Seccomp stands for secure computing mode and has been a feature of the Linux kernel since version 2.6.12, released in 2005. It is used to filter and restrict the available system calls to userland processes, thus reducing the kernel surface exposed which limits the attack surface for a privilege escalation.

This is done by having only the essential system calls needed for the application to function properly. The filter is expressed as a Berkeley Packet Filter (BPF), as with socket filters, except that the data operated on is related to the system call being made: system call number and the system call arguments.

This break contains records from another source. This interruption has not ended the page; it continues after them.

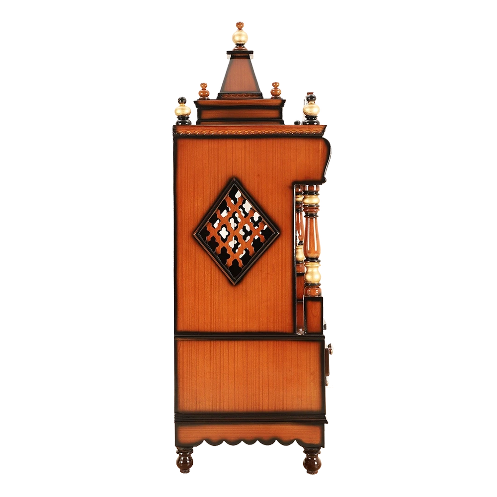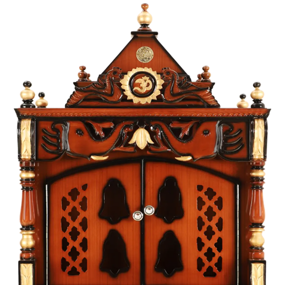 Divine Home Medium Floor Rested Pooja Mandir with Door (Brown Gold)
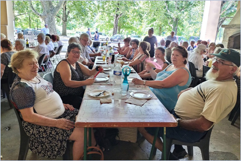 Durant les beaux jours, en juin, juillet, août et septembre, quatre repas champêtres réunissent l'âge d'or mondragonnais dans le cadre verdoyant de la ferme de l'Ile-Vieille. Celui-ci est le second de la série. Malgré la chaleur étouffante, 85 convives sont venus se régaler d'un bon aïoli, préparé par le traiteur Latour. Les plus courageux ont ensuite entamé une partie de pétanque, tandis que d'autres ont préféré la belote, moins fatigante. Prochain rendez-vous convivial et gourmand Jeudi 8 aoüt autour d'un excellent poulet basquaise. Contact : 04.90.51.88.32. J. P.
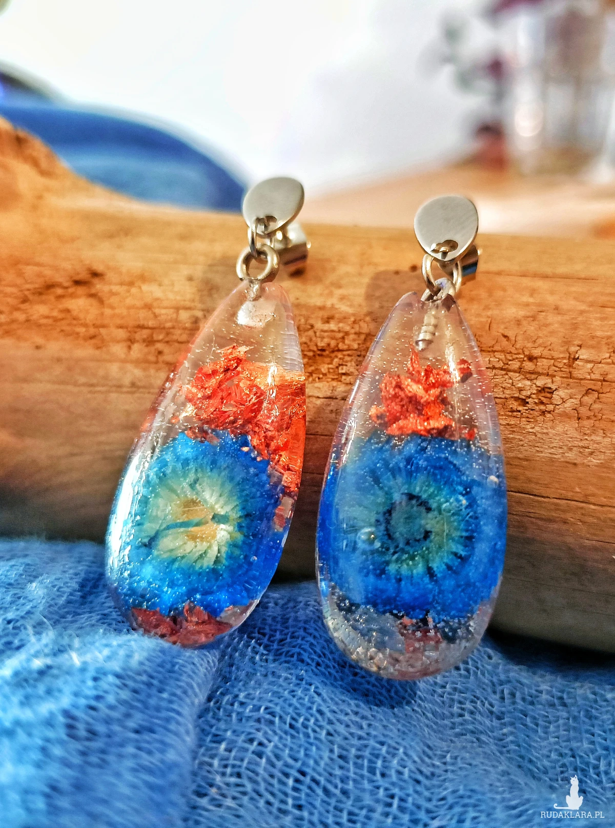 Szukasz biżuterii, która łączy naturalne piękno kwiatów, elegancję i rękodzielniczą precyzję? Te kolczyki w kształcie kropli z prawdziwymi, suszonymi niebieskimi kwiatuszkami kocanki zatopionymi w krystalicznej żywicy Resin Pro zachwycają subtelnym blaskiem i miedzianymi akcentami ✨
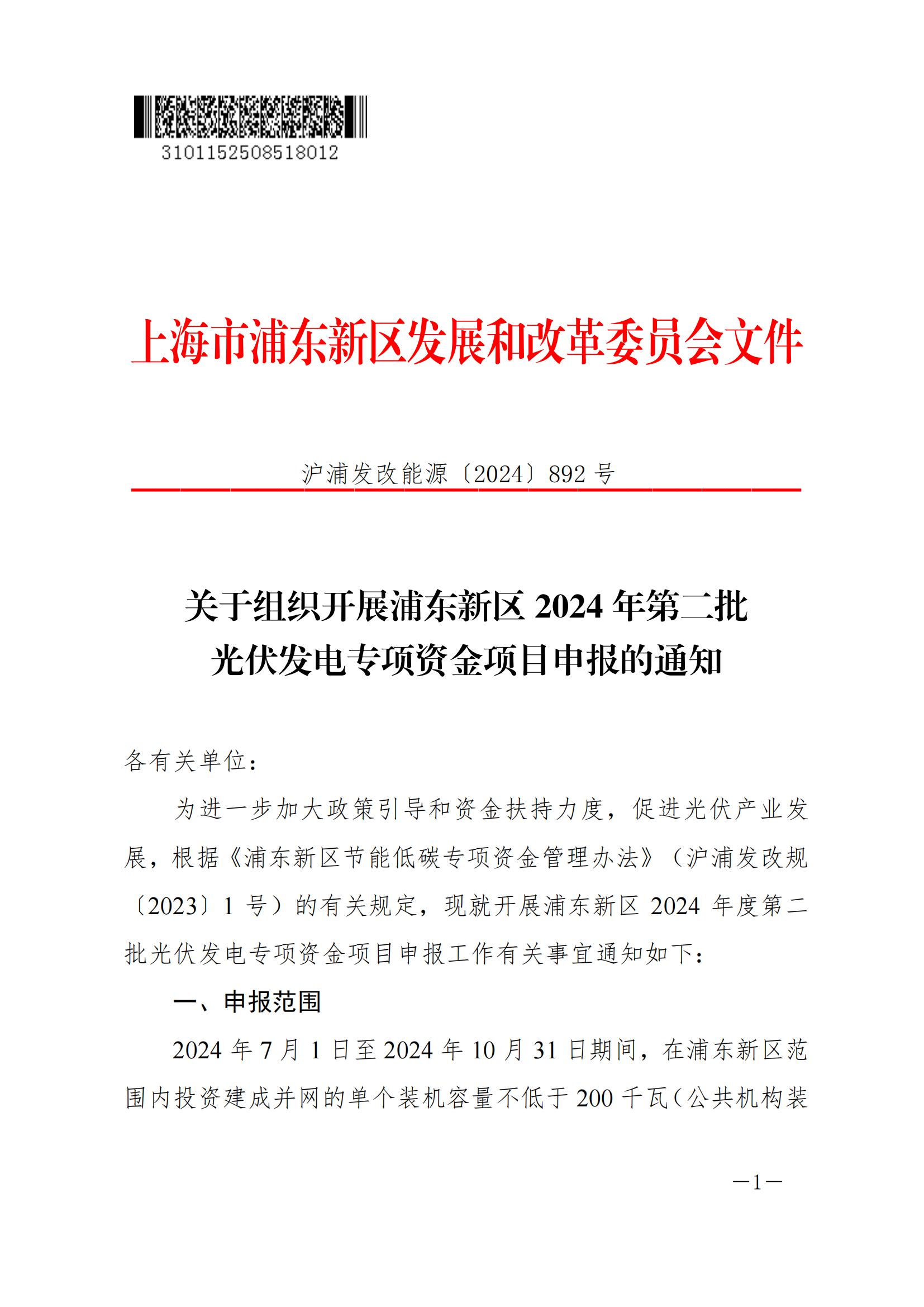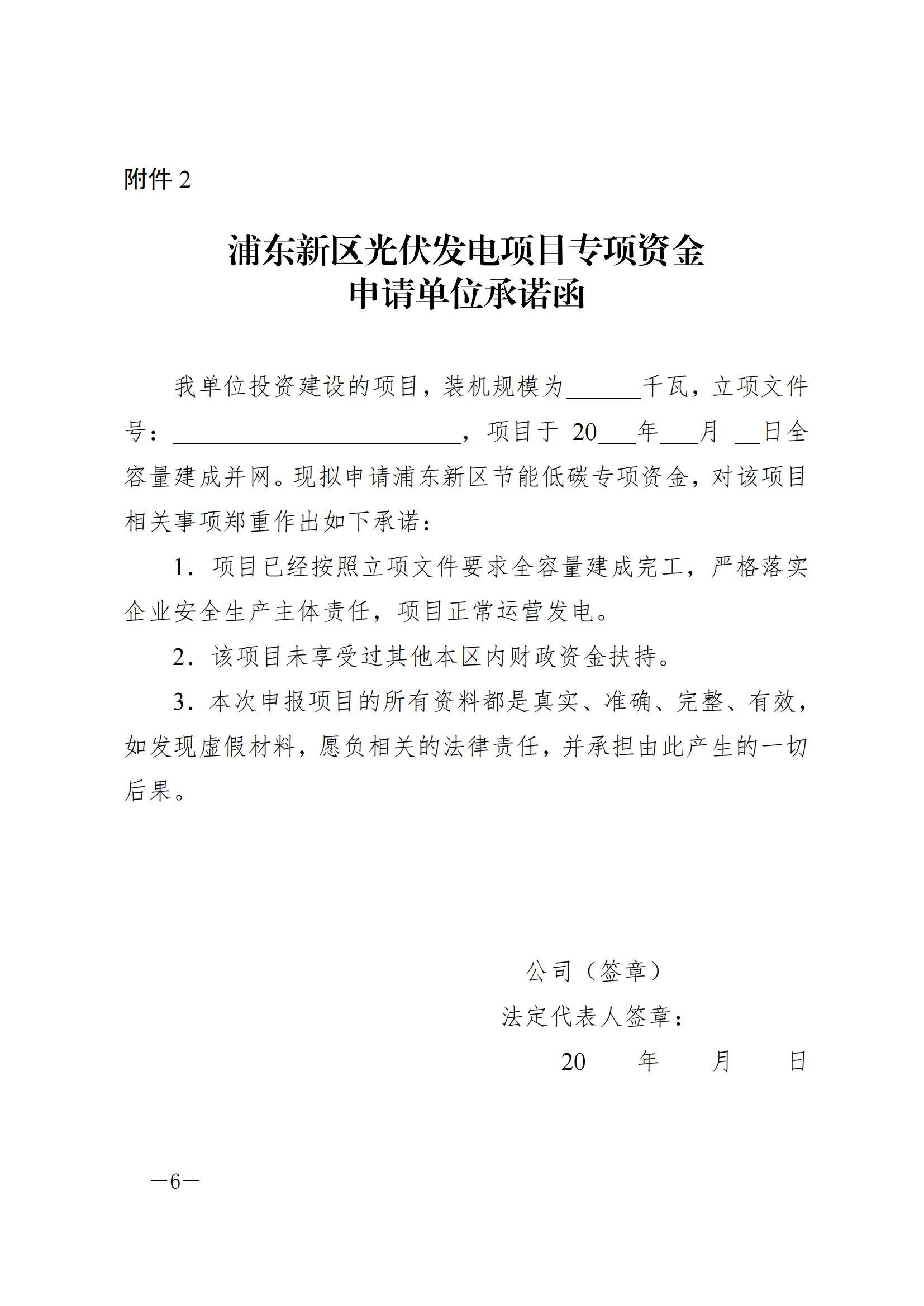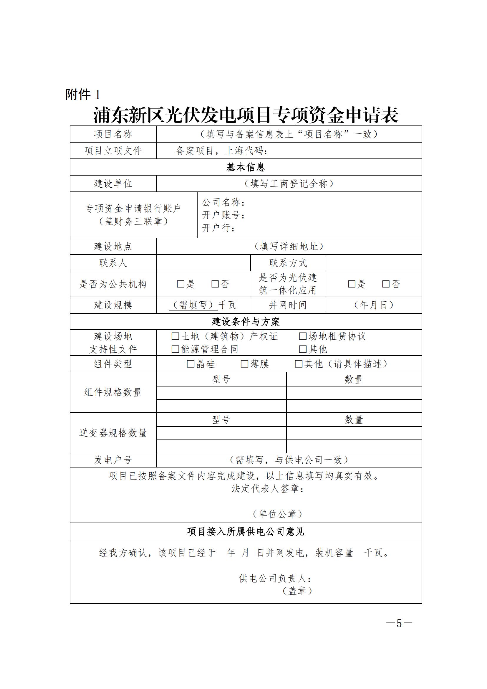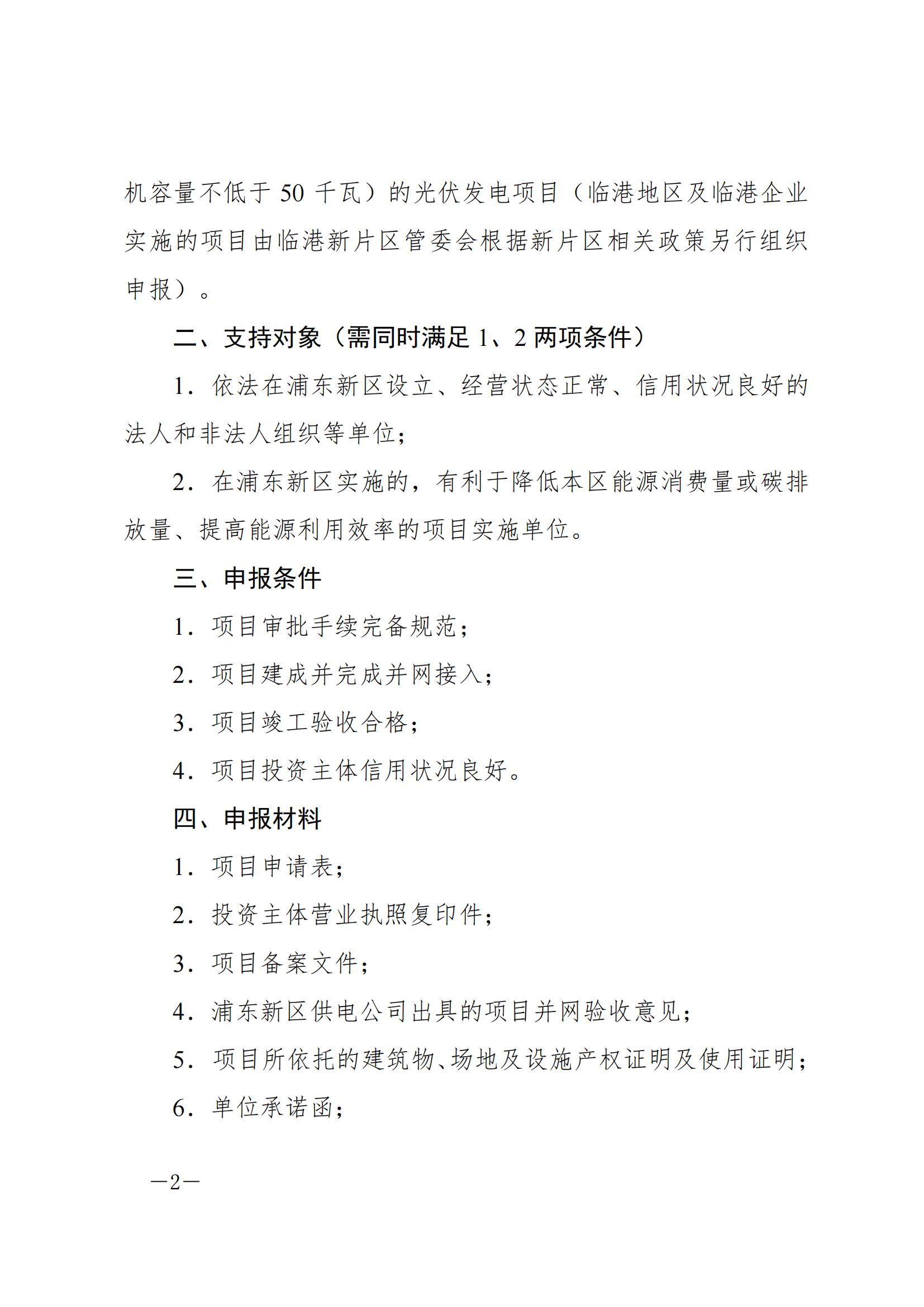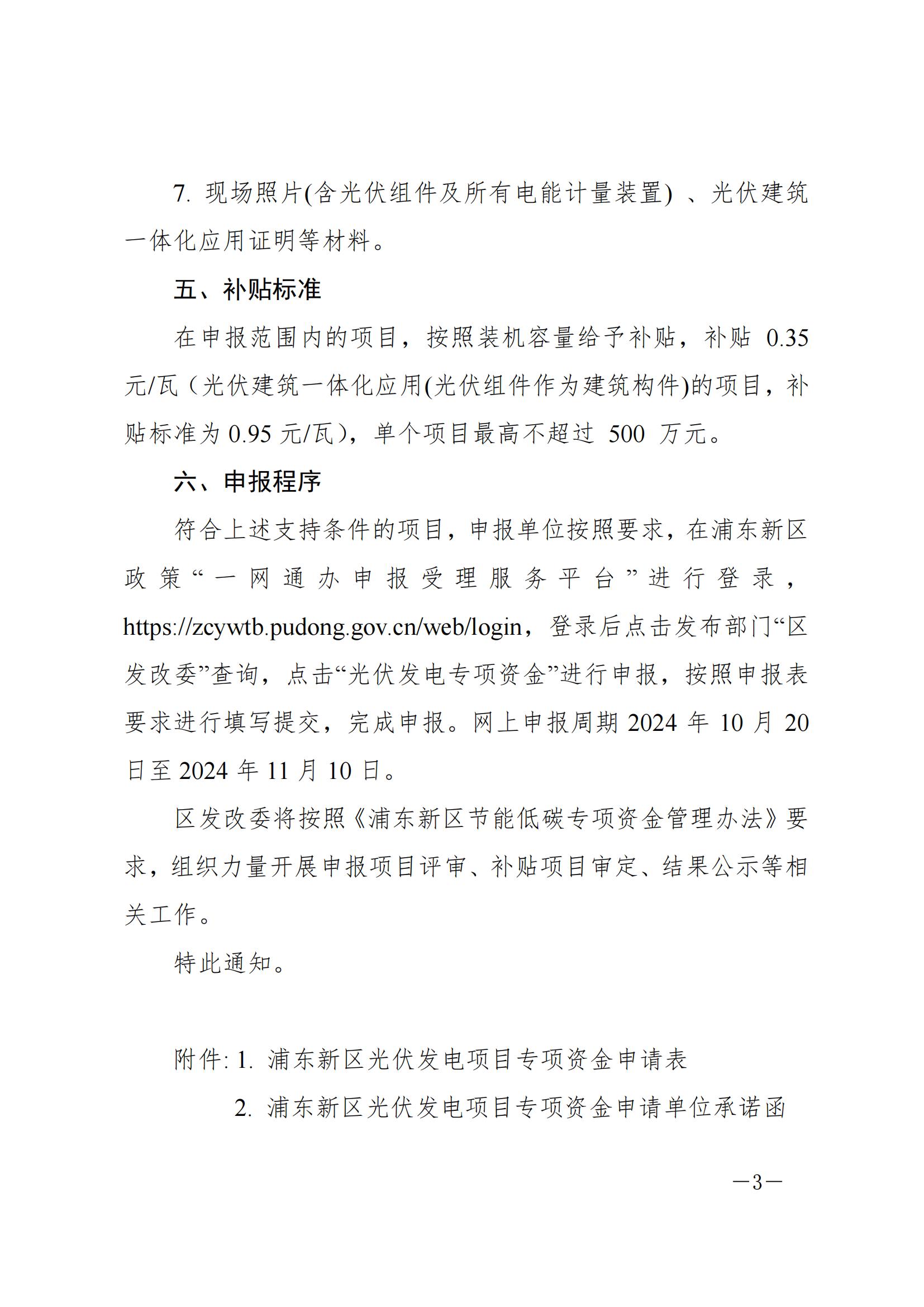 10月16日,上海市浦東新區發展和改革委員會發布關于組織開展浦東新區2024年第二批光伏發電專項資金項目申報的通知。文件指出,申報范圍為2024年7月1日至2024年10月31日期間,在浦東新區范圍內投資建成并網的單個裝機容量不低于200千瓦(公共機構裝機容量不低于50千瓦)的光伏發電項目(臨港地區及臨港企業實施的項目由臨港新片區管委會根據新片區相關政策另行組織申報)。 文件明確,在申報范圍內的項目,按照裝機容量給予補貼,補貼0.35元/瓦(光伏建筑一體化應用(光伏組件作為建筑構件)的項目,補貼標準為0.95元/瓦),單個項目最高不超過500萬元。 原文如下: 關于組織開展浦東新區2024年第二批光伏發電專項資金項目申報的通知 滬浦發改能源〔2024〕0892號 各有關單位: 為進一步加大政策引導和資金扶持力度,促進光伏產業發展,根據《浦東新區節能低碳專項資金管理辦法》(滬浦發改規〔2023〕1號)的有關規定,現就開展浦東新區2024年度第二批光伏發電專項資金項目申報工作有關事宜通知如下: 一、申報范圍 2024年7月1日至2024年10月31日期間,在浦東新區范圍內投資建成并網的單個裝機容量不低于200千瓦(公共機構裝機容量不低于50千瓦)的光伏發電項目(臨港地區及臨港企業實施的項目由臨港新片區管委會根據新片區相關政策另行組織申報)。 二、支持對象(需同時滿足1、2兩項條件) 1.依法在浦東新區設立、經營狀態正常、信用狀況良好的法人和非法人組織等單位; 2.在浦東新區實施的,有利于降低本區能源消費量或碳排放量、提高能源利用效率的項目實施單位。 三、申報條件 1.項目審批手續完備規范; 2.項目建成并完成并網接入; 3.項目竣工驗收合格; 4.項目投資主體信用狀況良好。 四、申報材料 1.項目申請表; 2.投資主體營業執照復印件; 3.項目備案文件; 4.浦東新區供電公司出具的項目并網驗收意見; 5. 項目所依托的建筑物、場地及設施產權證明及使用證明; 6.單位承諾函; 7. 現場照片(含光伏組件及所有電能計量裝置) 、光伏建筑一體化應用證明等材料。 五、補貼標準 在申報范圍內的項目,按照裝機容量給予補貼,補貼0.35元/瓦(光伏建筑一體化應用(光伏組件作為建筑構件)的項目,補貼標準為0.95元/瓦),單個項目最高不超過500萬元。 六、申報程序 符合上述支持條件的項目,申報單位按照要求,在浦東新區政策“一網通辦申報受理服務平臺”進行登錄,//zcywtb.pudong.gov.cn/web/login,登錄后點擊發布部門“區發改委”查詢,點擊“光伏發電專項資金”進行申報,按照申報表要求進行填寫提交,完成申報。網上申報周期2024年10月20日至2024年11月10日。 區發改委將按照《浦東新區節能低碳專項資金管理辦法》要求,組織力量開展申報項目評審、補貼項目審定、結果公示等相關工作。 特此通知。 附件: 1. 浦東新區光伏發電項目專項資金申請表 2. 浦東新區光伏發電項目專項資金申請單位承諾函 聯系人:吳華東、鄭偉偉 聯系電話:28282582、58788388-63320 平臺服務熱線:20231080-823 聯系地址:上海市浦東新區世紀大道2001號3號樓321室 上海市浦東新區發展和改革委員會 2024年10月16日
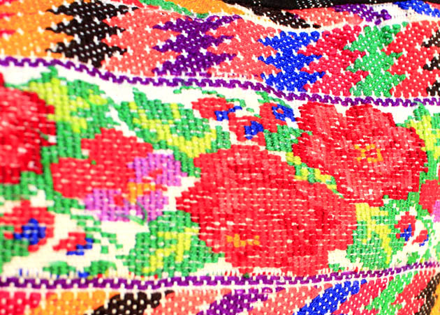 複雑な模様が描かれた手織り生地の上に刺繍糸で花や幾何学模様が施された贅沢なウィピルを使用。
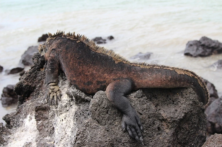 저처럼 생긴 바위 위에 누워 바위의 일부분이 된 듯한 바다 이구아나.
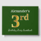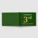 This guest book design features the ordinal number "3rd" with a faux gold-like appearance. It also features a custom name, and a green coloured background. It could be used at a party for somebody celebrating their third birthday. [~Z0000056]

We examine the sandbox-seccomp-filter.c file, and find the attachment of the Seccomp filter to the program in ssh_sandbox_child() function, the seccomp profile used by OpenSSH is –

    /* Syscall filtering set for preauth. */
static const struct sock_filter preauth_insns[] = {
……………………
    /* Syscalls to non-fatally deny */
#ifdef __NR_lstat
    SC_DENY(__NR_lstat, EACCES),
#endif
#ifdef __NR_lstat64
    SC_DENY(__NR_lstat64, EACCES),
#endif
#ifdef __NR_fstat
    SC_DENY(__NR_fstat, EACCES),
#endif
……………………

    /* Syscalls to permit */
#ifdef __NR_brk
    SC_ALLOW(__NR_brk),
#endif
#ifdef __NR_clock_gettime
    SC_ALLOW(__NR_clock_gettime),
#endif
#ifdef __NR_clock_gettime64
    SC_ALLOW(__NR_clock_gettime64),
#endif
#ifdef __NR_close
    SC_ALLOW(__NR_close),
#endif
#ifdef __NR_exit
    SC_ALLOW(__NR_exit),
#endif

#ifdef __NR_mmap
    SC_ALLOW_ARG_MASK(__NR_mmap, 2, PROT_READ|PROT_WRITE|PROT_NONE),
#endif
#ifdef __NR_mmap2
    SC_ALLOW_ARG_MASK(__NR_mmap2, 2, PROT_READ|PROT_WRITE|PROT_NONE),
#endif
#ifdef __NR_mprotect
    SC_ALLOW_ARG_MASK(__NR_mprotect, 2, PROT_READ|PROT_WRITE|PROT_NONE),
#endif

/* Default deny */
BPF_STMT(BPF_RET+BPF_K, SECCOMP_FILTER_FAIL),

It uses macros (SC_DENY/SC_ALLOW/SC_ALLOW_ARG_MASK) to create the BPF filters that are used as the Seccomp filter.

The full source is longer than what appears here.